Before you walk away, thinking I am accusing you of neglecting something that should be obvious, let me be the first to acknowledge this was my life. Ministry is dominated by the tyranny of the urgent. When the urgent dominates our lives things like vision and intention get pushed to the sideline. What Pastor is calling us to do is return to the habits of life that encourage vision and intention. He is not speaking of day dreaming or mindless staring at the ceiling or watching clouds drift by. Reclaiming time to catch the vision of who we are called to be, to regain the intention that brought us to the life of a pastor in the first place is vital. If you think that I am suggesting or that Pastor is offering a quick fix, or 10 easy steps toward focused ministry you are on the wrong track. There are no quick fixes, just a reminder that we all need regular and often uncomfortable reminders to help us re-center ourselves on the essentials.
While I did not know what the problem is, I attempted some repairs, while in active full time ministry. I returned to the classroom, to attempt to gain some perspective, so I earned a second Master’s Degree.
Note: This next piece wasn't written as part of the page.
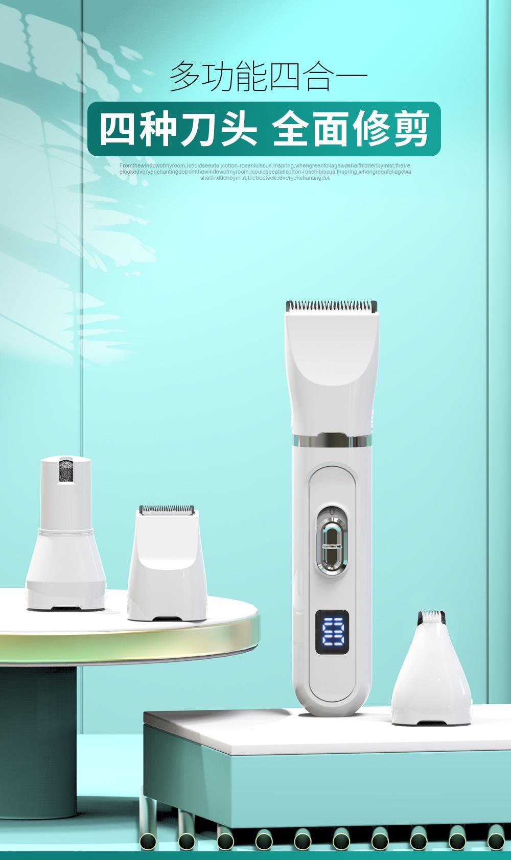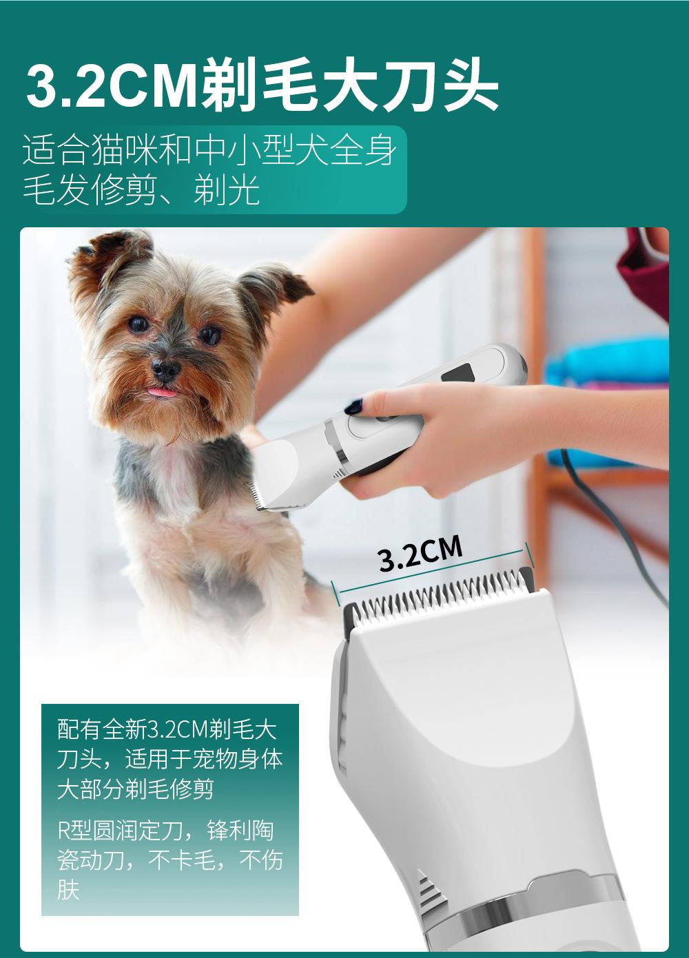 Accesorios: 1 unidad principal (incluyendo cuchilla ancha) + 2 peines guía 3mm/9mm) + 1 cabezal de afilado + 1 cuchilla estrecha + 1 cabezal recortador de patas (peine guía 5.5mm) + 1 cable USB + 1 cepillo de limpieza + 1 manual en inglés

That was helpful, but not the solution, as it eventually led to more “short-termism”. (That is the problem with some “solutions”.) However, one degree led to a second, and I found myself engaged in a Doctor of Ministry Degree, on Church and Clergy Health. (This one, much more introspective, helped in some regards, however in others only presented more challenges than it ultimately solved.) My final attempt, was a Sabbatical leave, hoping to gain some perspective, give the congregation time to reboot, etc. Once again, it did not reach the heart, because I could not diagnose the real issue. I think, as I sit here with 20/20 Hindsight, that the problem was in the attempted solutions. You see there was nothing inherently wrong with the approach, they were all good things, and they have prepared me for what I am doing now, but they did not address the challenge that ministry inherently presents to each and every one of us day in and day out, the tyranny or the urgent!
Enough for now. Do yourself a favor, take a little time out today or tomorrow, not much longer than that to ask yourself this question: “When was the last time I focused on the long term issues rather than short term fixes?” If the answer is uncomfortable, maybe it is time to take time to get away and focus your attention once again on what is it that made me want to become a pastor? Was it to run committee and board meetings? To decide on the color of the carpet in the addition? Or did you want to make a difference in the lives of people you serve? Did you come with the idea you could make a difference in the world by serving Christ in this place and in this role? If you are anything like me, I wanted to make a difference, still do. I wish I could tell you I am done with short-termism issues, but they are all around me even as I focus on this blog there are a half dozen things that are vying for my attention.